Archive for the 'Heartaches' Category


Eight-year-old married his sweetheart - then died

Thursday, July 24th, 2008

Reece Fleming was diagnosed with leukemia when he was only four years old. When he was eight, the doctors gave him only weeks left to live. His family determined to pack as much life as possible in those few weeks. Here’s the story. Enjoy - then make sure you relish all the little joys in your own life.

Given only weeks to live, Reece Fleming proposed to his ’special friend’ Elleanor Purgslove at a laser tag party.

After she accepted, their parents arranged a make-believe wedding at Reece’s home in Mackworth, Derby. He died the next day with his family.

Reece’s mother Lorraine Fleming said he told her, “I can go now” after his wish had been granted.

The 28-year-old said: “”He was so proud of her, and we were proud of them both.”

Reece was diagnosed with leukaemia in July 2004, when he was aged just four.

He fought the disease for four years until May when doctors told him he had just weeks to live.

Ms Fleming, said she and his stepfather Mick Thompson had tried to help him achieve as much as possible before his death, including marrying his sweetheart.

“When we found out that we only had a few weeks with him we tried to do absolutely everything with him that we could.

“Him and Ellie had been ’special friends’ for a couple of years but then they broke up.

“We said we’d have a pirate party, and Ellie came.

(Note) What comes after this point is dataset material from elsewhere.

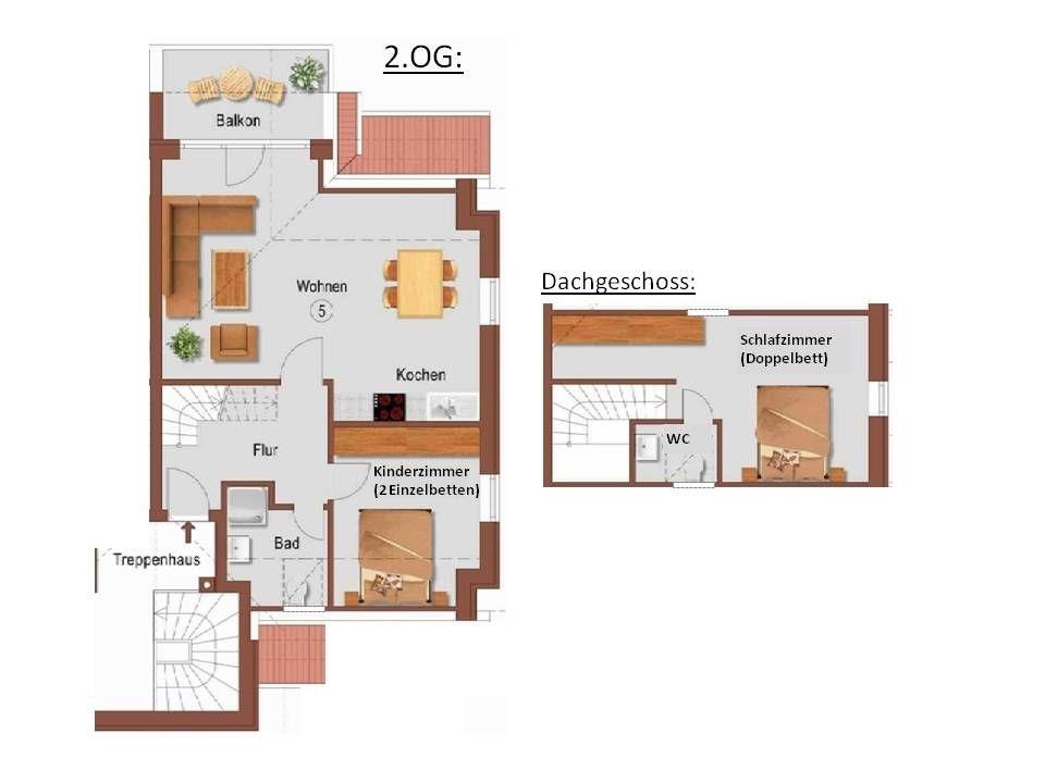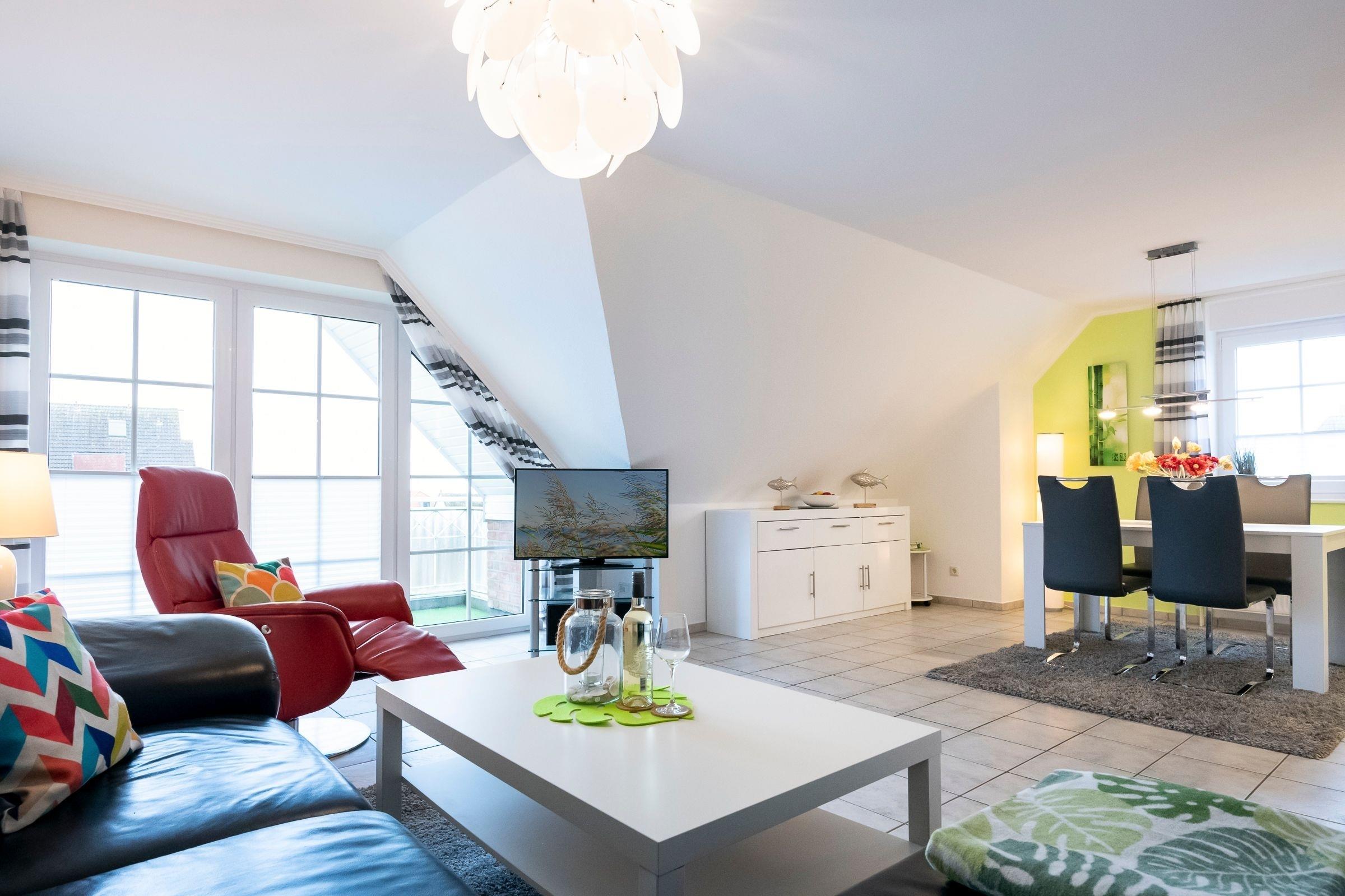 In dieser schönen Ferienwohnung erwartet Sie ein gemütliches Wohnzimmer mit Couch- und Essecke, TV und großzügigem Balkon. Genießen Sie von hier aus den Blick auf die Seebrücke. Die Küche ist im Wohnraum integriert und lässt keine Wünsche offen - Annehmlichkeiten wie ein Geschirrspüler, ein 4-Platten-Ceranfeld oder ein Backofen sind vorhanden. Weiterhin gibt es ein großes Schlafzimmer mit 2 Einzelbetten (je 90x200 cm), TV und Außenrollladen sowie ein Duschbad mit WC. Auf der 2. Ebene befindet sich ein weiteres Schlafzimmer mit Doppelbett (2x 90x200 cm) und TV sowie das Gäste-WC. Der WLAN-Anschluss ist inklusive.
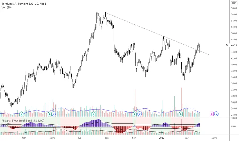 Interesante quiebre de linea de tendencia bajista y throback reconociendo como soporte. Abajo el control está en 43, arriba debe superar 49-50.

She went to visit Reece a few times in hospital as well.

She added: “We also had a football and laser quest party, apparently that’s when he proposed to her.”

The pair went out to dinner in the mayor’s limousine and the families organised a ‘wedding’, complete with rings, a stand-in vicar and a certificate.

The ceremony was carried out on July 4 and the following day Reece died at home with his family and a Macmillan nurse.

At his funeral, mourners followed a horse-drawn hearse on foot.

Ms Fleming added: “Even on the Saturday that he died, he got out of bed and walked to the sofa.

“He always tried walking, right to the end, so we thought if he walked for us then we would walk for him.”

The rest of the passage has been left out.